I was diagnosed with diabetes in mid 2007. At the beginning of 2008 I started using an insulin pump. Recently I have been having trouble with my numbers high blood sugar. It just got me wondering what my blood sugar numbers would be like if i went a day without my pump. So at 9am I decided to take off my pump and just go through my day normally like I would. So I took it off and checke my blood sugar at the normal times I would if I was wearing the pump. My BG never went below 180. Thirty minutes after lunch by BG was 237. I finally got sick of having it so high all the time that I put my pump back on.
Of course your blood sugar would go high since you weren't getting insulin. If I disconnect my pump and ate my blood sugar would go to 500+ in no time.
I think sometimes we just need to do something like that to prove to ourselves "yep, we really don't make any insulin!". When I first got on the pump (and wasn't as quick to react to the possibility of site failure) I woke up one morning at 175 which is totally not normal for me. But I corrected and didn't test again till around noon (after breakfast but before lunch). At noon I was in the high 300s. I got the message then and promptly changed my set, but I was shocked at how high I went how fast. I now know I shouldn't be shocked by that at all, but at the time it really drove the reality of my D home to me.
I have a friend who has been quite depressed for awhile. She got on meds and the improvement in her mood was remarkable (though not surprising to me). Recently when I confronted her (from 3,000 miles away) about her worsened mood and asked if she had stopped taking her meds she admitted she had and was surprised at the results. But I think she had to do the "experiment" just to believe that. Hopefully she will be smart enough to only do that experiment once, though many people with Depression, let alone Bipolar Disorder have to do it repeatedly to "believe" they suffer from these conditions and that the meds really work.
Fortunately, don't feel the need to repeat my experiment with lack of insulin delivery and hopefully you won't either, Ryan. I hope you resolve the problem of high blood sugar with insulin.

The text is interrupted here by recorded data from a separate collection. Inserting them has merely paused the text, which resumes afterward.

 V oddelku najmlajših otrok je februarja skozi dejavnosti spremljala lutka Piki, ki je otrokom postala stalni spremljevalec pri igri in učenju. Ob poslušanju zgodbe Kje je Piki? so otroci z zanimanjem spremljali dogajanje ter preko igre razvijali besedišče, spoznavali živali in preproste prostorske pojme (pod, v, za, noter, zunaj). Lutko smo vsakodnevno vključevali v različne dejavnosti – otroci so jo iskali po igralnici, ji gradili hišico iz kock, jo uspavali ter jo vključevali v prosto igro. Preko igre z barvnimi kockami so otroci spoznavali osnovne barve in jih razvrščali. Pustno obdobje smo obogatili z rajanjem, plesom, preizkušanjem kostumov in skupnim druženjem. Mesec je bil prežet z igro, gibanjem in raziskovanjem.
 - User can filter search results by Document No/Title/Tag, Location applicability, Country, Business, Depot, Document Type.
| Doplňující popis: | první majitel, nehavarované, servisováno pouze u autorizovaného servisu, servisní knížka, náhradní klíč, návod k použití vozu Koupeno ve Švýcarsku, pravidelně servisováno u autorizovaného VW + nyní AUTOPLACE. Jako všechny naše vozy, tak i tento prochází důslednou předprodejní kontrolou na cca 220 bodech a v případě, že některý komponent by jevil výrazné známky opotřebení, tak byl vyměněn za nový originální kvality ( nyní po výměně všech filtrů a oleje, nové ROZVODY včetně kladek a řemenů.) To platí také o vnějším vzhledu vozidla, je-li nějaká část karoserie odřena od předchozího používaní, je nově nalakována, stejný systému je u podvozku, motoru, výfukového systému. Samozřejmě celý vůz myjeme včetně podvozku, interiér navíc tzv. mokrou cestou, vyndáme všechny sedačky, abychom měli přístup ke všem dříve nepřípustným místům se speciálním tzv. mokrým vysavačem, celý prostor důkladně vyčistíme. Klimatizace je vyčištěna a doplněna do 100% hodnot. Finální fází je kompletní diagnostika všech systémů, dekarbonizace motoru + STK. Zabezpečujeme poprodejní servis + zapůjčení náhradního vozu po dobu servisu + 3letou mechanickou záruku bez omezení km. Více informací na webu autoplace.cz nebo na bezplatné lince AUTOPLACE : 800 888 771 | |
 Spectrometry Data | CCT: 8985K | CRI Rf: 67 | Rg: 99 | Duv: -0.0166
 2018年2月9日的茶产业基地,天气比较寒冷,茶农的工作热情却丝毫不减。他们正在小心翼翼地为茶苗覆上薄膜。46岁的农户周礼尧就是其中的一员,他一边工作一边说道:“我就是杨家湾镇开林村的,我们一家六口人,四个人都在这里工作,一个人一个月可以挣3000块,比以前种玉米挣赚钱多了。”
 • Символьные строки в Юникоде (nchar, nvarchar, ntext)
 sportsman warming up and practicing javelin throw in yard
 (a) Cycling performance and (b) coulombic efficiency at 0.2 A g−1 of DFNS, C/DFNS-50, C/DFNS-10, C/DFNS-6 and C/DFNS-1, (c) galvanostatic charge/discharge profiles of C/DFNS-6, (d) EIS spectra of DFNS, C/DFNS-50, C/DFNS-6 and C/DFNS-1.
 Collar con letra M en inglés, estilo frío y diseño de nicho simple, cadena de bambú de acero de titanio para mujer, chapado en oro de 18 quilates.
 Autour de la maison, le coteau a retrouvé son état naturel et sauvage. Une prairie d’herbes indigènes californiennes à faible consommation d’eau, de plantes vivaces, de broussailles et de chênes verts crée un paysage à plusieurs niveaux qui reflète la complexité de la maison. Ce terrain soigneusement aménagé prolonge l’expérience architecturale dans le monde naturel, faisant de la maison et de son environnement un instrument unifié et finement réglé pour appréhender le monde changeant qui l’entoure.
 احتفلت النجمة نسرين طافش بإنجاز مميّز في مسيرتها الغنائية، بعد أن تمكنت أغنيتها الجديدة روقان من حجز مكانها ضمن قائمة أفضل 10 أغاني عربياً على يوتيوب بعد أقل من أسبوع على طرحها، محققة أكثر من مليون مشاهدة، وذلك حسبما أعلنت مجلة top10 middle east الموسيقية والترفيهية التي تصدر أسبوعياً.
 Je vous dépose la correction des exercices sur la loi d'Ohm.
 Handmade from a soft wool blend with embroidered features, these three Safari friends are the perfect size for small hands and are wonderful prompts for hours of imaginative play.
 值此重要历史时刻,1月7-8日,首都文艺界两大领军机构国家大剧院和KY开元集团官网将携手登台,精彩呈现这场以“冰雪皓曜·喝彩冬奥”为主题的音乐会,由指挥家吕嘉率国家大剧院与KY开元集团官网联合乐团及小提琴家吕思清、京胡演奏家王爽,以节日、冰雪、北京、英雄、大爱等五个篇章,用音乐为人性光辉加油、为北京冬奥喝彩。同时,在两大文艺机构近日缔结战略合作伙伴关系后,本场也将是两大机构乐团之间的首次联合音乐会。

Have you tried tweaking basals or your I:C ratios?
Wise move to put it back on. Been on a pump for five years, but I do know a few who went on a "pump vacation" for a weekend. Still have to MDI though. After all this time, I feel naked without the pump. I have never done such a thing, but sometimes when I shower and the sensor and inset need to be changed at the same time it's nice not have that stuff on me. Doesn't happen very often though. Take a pump vacation if you like, but you still have to inject. Oh well.
the insulin pump delivers fast acting insulin-- you should have (at the very least) taken precautions and taken a shot of long acting insulin.
Glad you got sick of high numbers. Now behave!